La crisi del cd, e del supporto fisico, è iniziata con gli mp3 e la musica gratis in rete, è diventata agonia con il diffondersi del download, la smaterializzazione della musica, e un coma farmacologico quando i servizi di streaming hanno mandato in soffitta, per la maggioranza, l'idea di «possedere» un disco, o comunque della musica, mettendogli a disposizioni l'ascolto di cataloghi che sembrano infiniti. Questo spiega il lento pensionamento del compact disc, non però il revival dell'lp. Azzarda Enzo Mazza, presidente della Fimi, la confindustia della discografia in Italia: «Lo streaming copre il fabbisogno di musica per tutti, la richiesta generalista e generica, il cd cerca di resistere e non credo sparirà, adatto com'è a contenere molta musica, ideale per raccolte e cofanetti.

Il vinile regala il transfert ideale al collezionista in cerca di rarità, al nostalgico in cerca di conferme».
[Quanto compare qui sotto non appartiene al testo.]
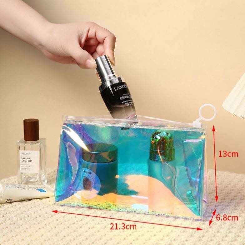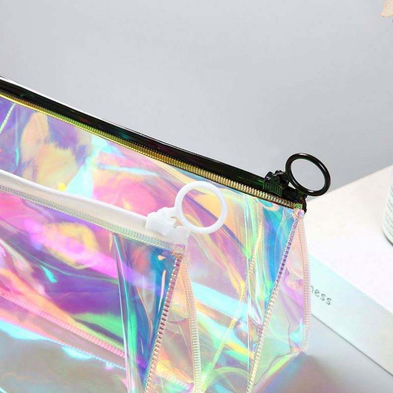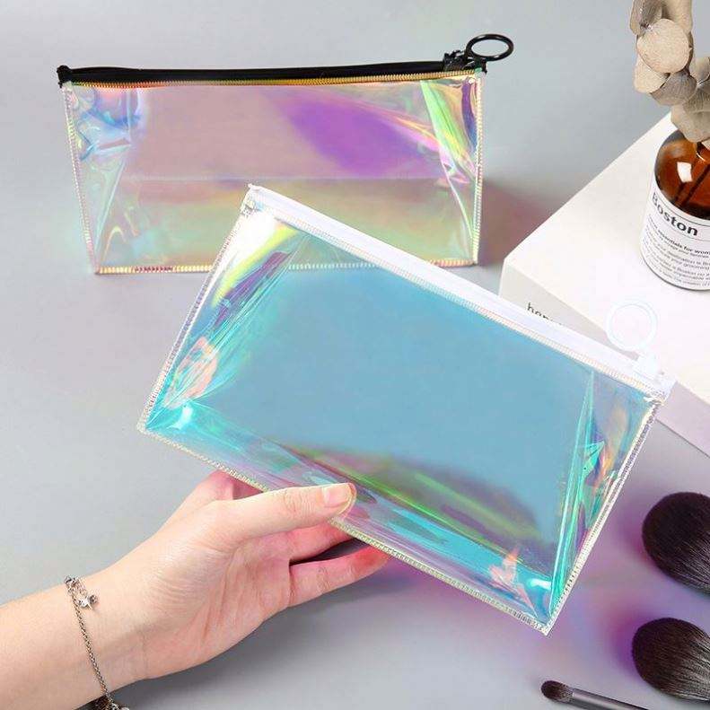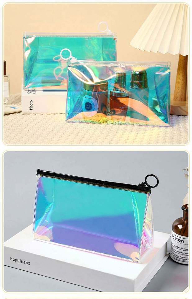ถุงซิปล็อคพีวีซีโฮโลแกรมสุดหรูหราพร้อมซิปโลหะสำหรับจัดเก็บเสื้อผ้า เครื่องสำอาง อัญมณี และเครื่องประดับ
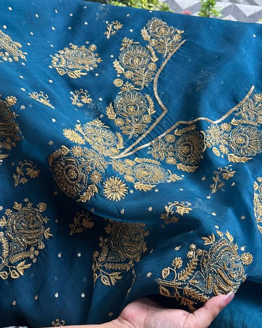 Prussian Blue Noor Organza Silk Chikankari Unstitched Kurta Dupatta Set

Ma anche le nuove generazioni, soprattutto quelle disposte a scoprire i suoni che furono - e restano, dai, diciamolo fieri - hanno riscoperto i giradischi. Per i millennials 33 e 45 giri hanno il fascino dell'oggetto sconosciuto, spesso da comprare più per la bellezza della copertina che per l'ascolto. Non a caso i nuovi vinili, sempre più numerosi sono accompagnati da un qr code da cui scaricare la versione digitale.

Così, anche grazie ai 500 euro del bonus cultura, in testa alle classifiche annuali di vendita del settore l'anno scorso c'era il sempiterno «The dark side of the moon» dei Pink Floyd, seguito da «Famoso» di Sfera Ebbasta. Poi ci sono le ristampe storiche, il vinile colorato (vuoi mettere il nuovo album della Vanoni, bello peraltro, in versione rossa?), le uscite settimanali in edicola, dov'è appena arrivato, ad esempio, «Landscape of life», quarto album degli Osanna (1974) tra collezioni di Massimo Ranieri e Bob Marley.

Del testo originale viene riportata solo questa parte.